- DATA EXCERPT
•••
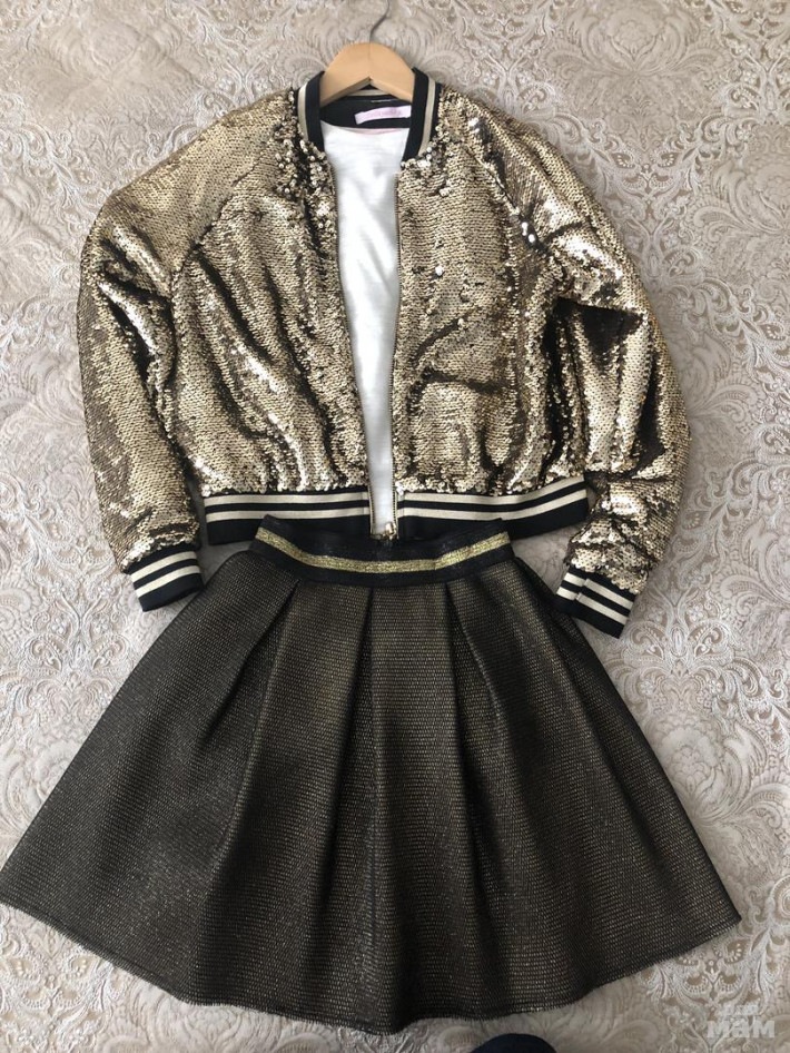 Модныйкомплект для девочки фирмы Стильняшка. Бомбер,юбка,футболка.
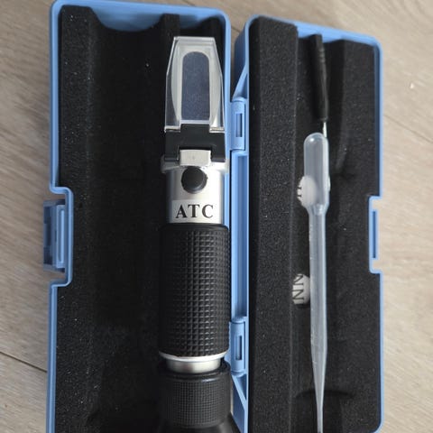 Selger et refraktometer jeg har brukt til øl brygging. Fungerer helt perfekt. Denne modellen har automatisk temperatur kompensering.
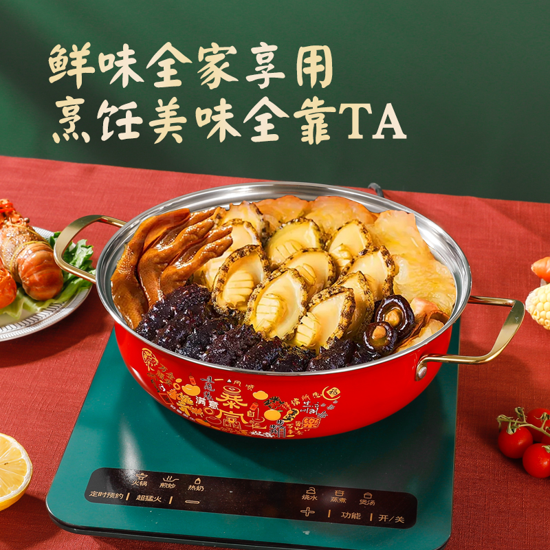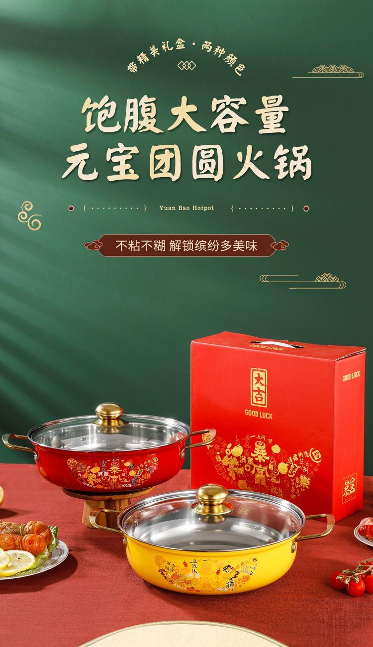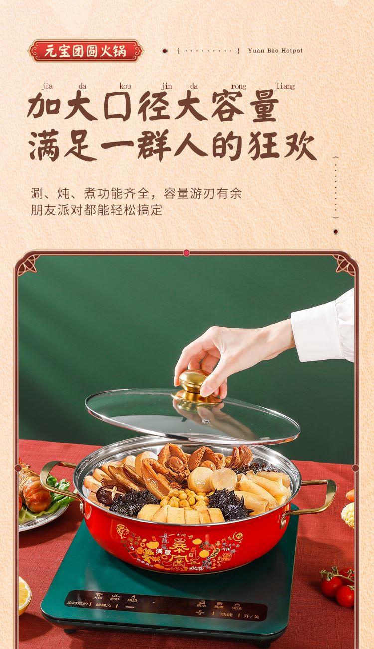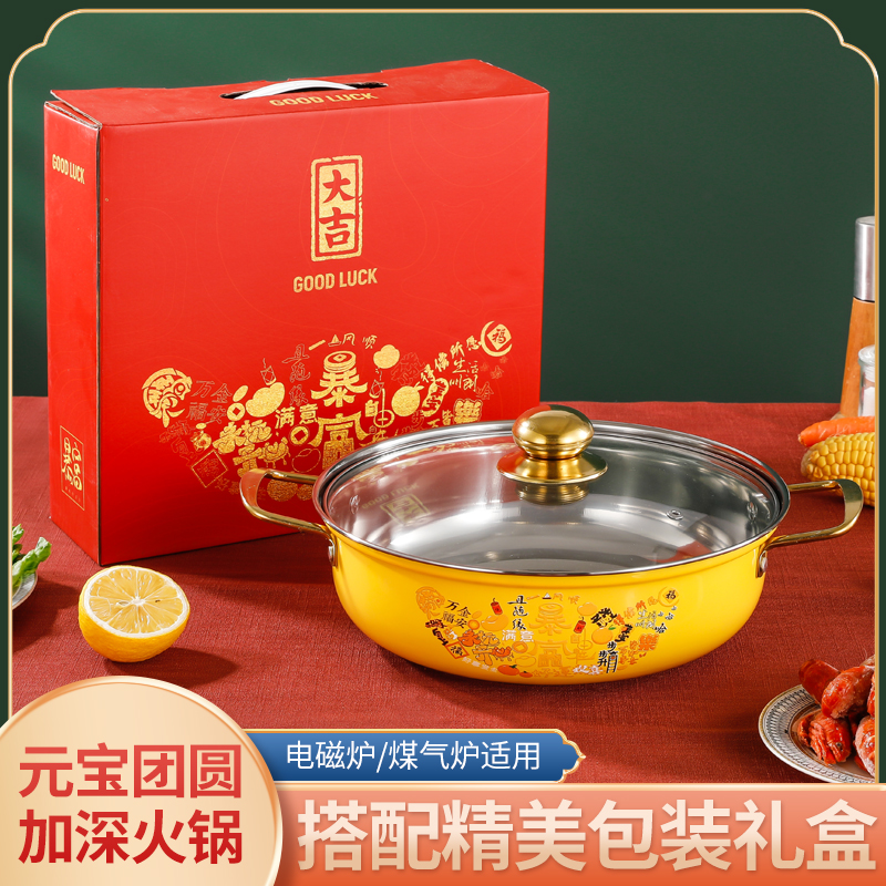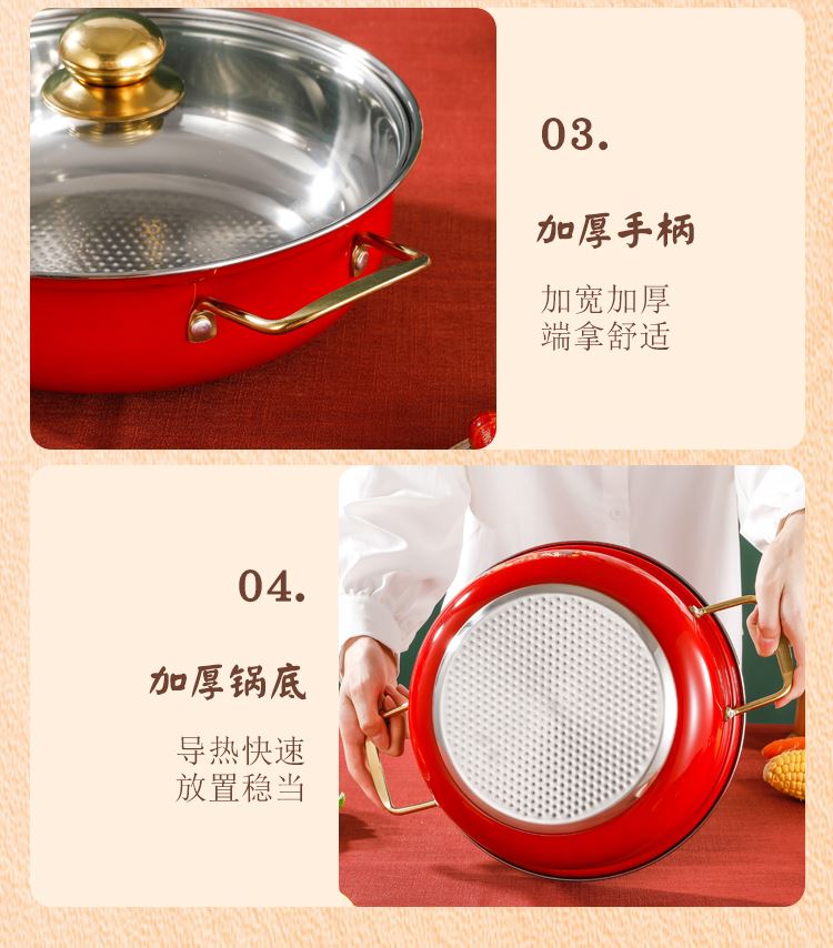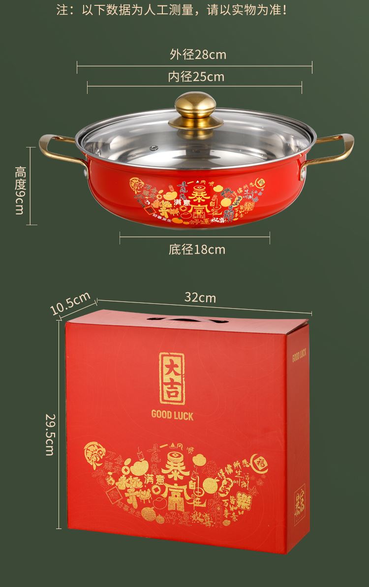 产品规格:28cm 产品材质:410不锈钢 包装方式:opp透明袋+手提彩盒 彩盒尺寸:32*10*29CM 外箱尺寸: 65*64*59.5 cm 送礼就送暴富火锅,有新意,锅暖人心, 礼品赠送,活动礼品、员工福利、商务馈赠都是不错的选择。 加厚加深,快速导热,。 品尝百味,为家人煲一碗营养汤。 小聚热闹食光,有说有笑有美食。 大容量一锅满足家庭所需搭配精美中国风礼盒。 鱼鳞底不粘锅,快速导热,不挑炉具,涮火锅等。 温馨提示:为了保持锅身美观不建议明火使用
•••
- PROMPT
Please print the line that contains "Selger et refraktometer" along with every later line of the material, exactly, through the last one. Leave pictures out of the copy.

- TASK SOLUTION
 Selger et refraktometer jeg har brukt til øl brygging. Fungerer helt perfekt. Denne modellen har automatisk temperatur kompensering.
 产品规格:28cm 产品材质:410不锈钢 包装方式:opp透明袋+手提彩盒 彩盒尺寸:32*10*29CM 外箱尺寸: 65*64*59.5 cm 送礼就送暴富火锅,有新意,锅暖人心, 礼品赠送,活动礼品、员工福利、商务馈赠都是不错的选择。 加厚加深,快速导热,。 品尝百味,为家人煲一碗营养汤。 小聚热闹食光,有说有笑有美食。 大容量一锅满足家庭所需搭配精美中国风礼盒。 鱼鳞底不粘锅,快速导热,不挑炉具,涮火锅等。 温馨提示:为了保持锅身美观不建议明火使用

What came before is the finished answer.